My father is kicking around the idea of picking up his 2010 x5d in Spartanburg, but he commented that he wasn't sure if driving a brand new car off the factory floor for 12 straight hours on his way home was a good idea to do to a new engine. His last car he kept for 13 years, so he wants to do the same with this and baby it. Any ideas?


----------



## BimmerNorb (Mar 28, 2009)

Can he provide any good reason for it? It's more than fine - just tell him to keep it easy on the throttle during the trip, and he'll have a car that's broken in a good way when he gets home. I still say just follow the manual and you'll be ok


----------



## Fast Bob (Jun 4, 2004)

What kind of nonsense is this ???

*OF COURSE* it`s alright to drive it....during the first 1500 miles, just try to vary engine speed and load as much as possible....


----------



## hmc (Nov 4, 2005)

Its not good to have constant speed for long time during break-in period. That's the reason behind it. If you change RPM and speed regularly during the trip, its ok.


----------



## croasdail (Apr 28, 2008)

BMW has all kinds of bizarre and odd suggestions about break in period. I have picked up two back in Germany, and there was no way I was going to waste that autobahn opportunity. They recommend not going over I think it was 4,000 rpm, and an oil change at a 1,000... something like that. I have pictures ( I know, quit immature for a guy in his 40's) of my speedo way north of 100 mph during my drives over there from both cars. And I had no long term issues with the cars afterward. I know they are covering their you-know-what from really stupid people, but I doubt your dad is silly enough to do anything that would really hurt the motor. It will actually do it some good giving the cylinder walls a nice clean polishing and cleaning. Just get the oil and filter changed out after and I am sure your dad will be in for many happy years of motoring in his car. Plus he gets to do the delivery center..... which is very much fun. 

Do it!


----------



## Kamdog (Apr 15, 2007)

I was able to do 130mph on the autobahn and still stay under the rpm limit.
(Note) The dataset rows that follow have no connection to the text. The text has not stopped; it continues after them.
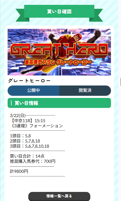 グレートヒーロー情報で三連複的中
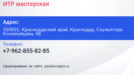 ИТР, мастерская по адресу 350031, Краснодарский край, Краснодар, Скульптора Коломойцева, 48 в дальнейшем Организация, размещена в следующих категориях:
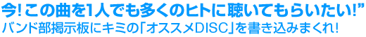 オススメポイント、もしくはなぜこの曲が好きになったかのエピソードなども、あるヒトは是非! アーティスト名と、 曲名は忘れずに書いてくれ! 文化祭WEEKの スクール・オブ・ロック!でオンエアされる可能性アリ! |
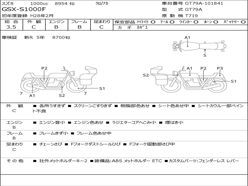 | Номер рамы / VIN | GT79A-101841 |
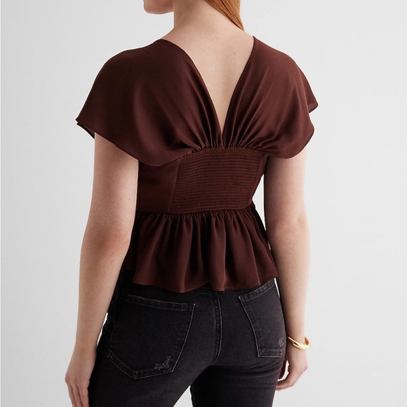 NWOT Express Flowy Sweetheart Neckline Peplum Blouse “Rich Mocha” Color SIZE L
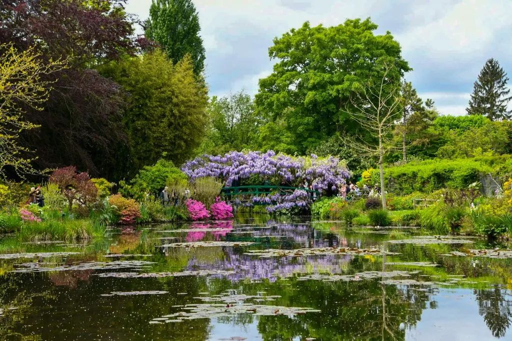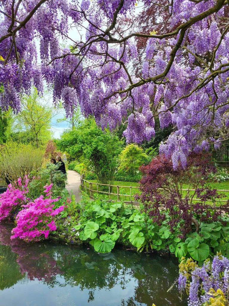 Ese puente verde que has visto mil veces en cuadros, postales, libros de arte. Ese puente curvo, pintado de verde para fundirse con el paisaje, cubierto de glicinas que cuelgan como cascadas violetas en primavera.
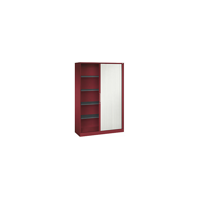 Armadio con serranda ASISTO, altezza 1980 mm, larghezza 1200 mm, rosso rubino/bianco traffico. Fornitura = montato. Altezza = 1980 mm. Larghezza = 1200 mm. Profondità = 435 mm. Colore corpo = rosso rubino RAL 3003. Materiale corpo = lamiera d'acciaio, verniciata a polvere. Colore serranda = bianco traffico RAL 9016. Caratteristiche = con serratura. Serratura = serratura a cilindro. Numero file raccoglitori = 5 pz. Materiale serranda = plastica. Dotazione interna = 4 ripiani. Numero ripiani = 4 pz. Portata per ripiano = 50 kg. Colore ripiani = grigio nerastro RAL 7021. Tipo di porta = serrande. Passo di regolazione altezza ripiani = 15 mm. Larghezza interna = 1095 mm. Altezza interna = 1865 mm. Profondità interna = 365 mm. Spessore ripiani = 24 mm. Spessore del corpo = 0.88 mm. Altezza zoccolo = 90 mm. Serrande scorrevoli e silenziose su guide leggere. Alta flessibilità grazie alla dotazione interna regolabile in altezza con passo di 15 mm. Serratura con blocco a gancio con nucleo
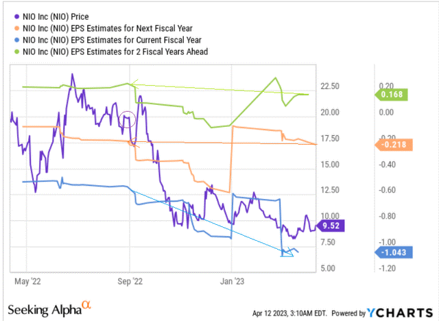如果您查看去年動態中的EPS修訂,其中蔚來下降了約52%,您會發現當前對未來EPS數字[FY24和FY25]的估計回到了2022年中期的水平,當時蔚來股票的交易價格約為19-20美元:
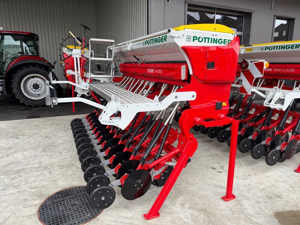 Aufbau-Sämaschine Pöttinger Vitasem M 3000 Classic-24 Scheibenscharen Scharabstand 12.5cm-Andruck- und Tiefenführungsrollen-Saatgutbehälter 530lt-Bediensteg mit Handlauf-Compass Bedienung mit Abdrehhilfe-FG-Schaltung 2 Reihen je Spur (erweiterbar)-Rührwelle drehend-Stufenloses Getriebe-Antrieb Säwelle über Sporrenrad-Warntafeln mit Beleuchtung, Gewicht:850
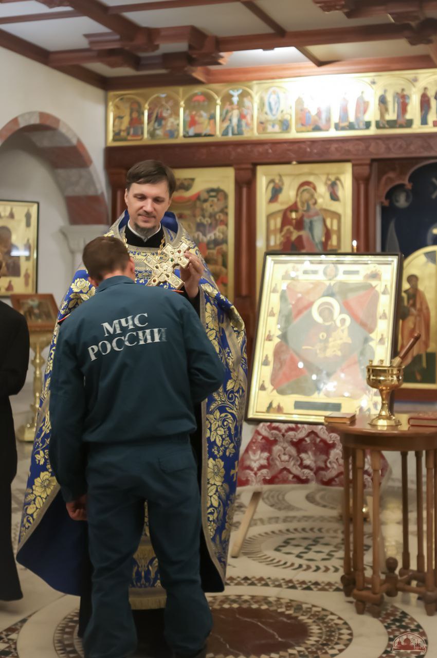 По окончании богослужения спасателям была передана копия иконы Божией Матери "Неопалимая Купина", написанная на средства сотрудников отделения в память чудесного избавления храма святого мученика Иоанна Воина от пожара 31 декабря 2011 года.

Just vary your engine speed on the long drive.


----------



## [email protected] (Aug 17, 2009)

It will be fine just shift at 3k and dont go rev happy.


----------



## vern (Apr 19, 2002)

Kamdog said:


> I was able to do 130mph on the autobahn and still stay under the rpm limit.
> 
> Just vary your engine speed on the long drive.


+1 same here.
cheers
vern


----------



## 6 Brit (Jan 19, 2009)

vary your speed and you should be fine...I think everyone else has said the same


----------



## NetSpySD (Dec 28, 2007)

It no longer matters. 

Like 3k oil changes, this is old school stuff. The era of vacumn tubes is behind us but some of the old timers are resistant to change.

The common rule is to vary speed for the first few hundred miles. Let me tell you, there is no way not to do this. :rofl: There is always something to cause you to speed up or slow down. If you are on cruise, the engine revs up and down as you go through hills. So don't listen to nonsense. Just drive the thing. :thumbup:


----------



## peripherique (Jan 18, 2009)

is this a serious question? for real? :dunno: why not?!?


----------



## adeberti (Sep 23, 2005)

just take part of the trip on the freeway/highway and the other par ton smaller roads where you will have to change speed more frequently


----------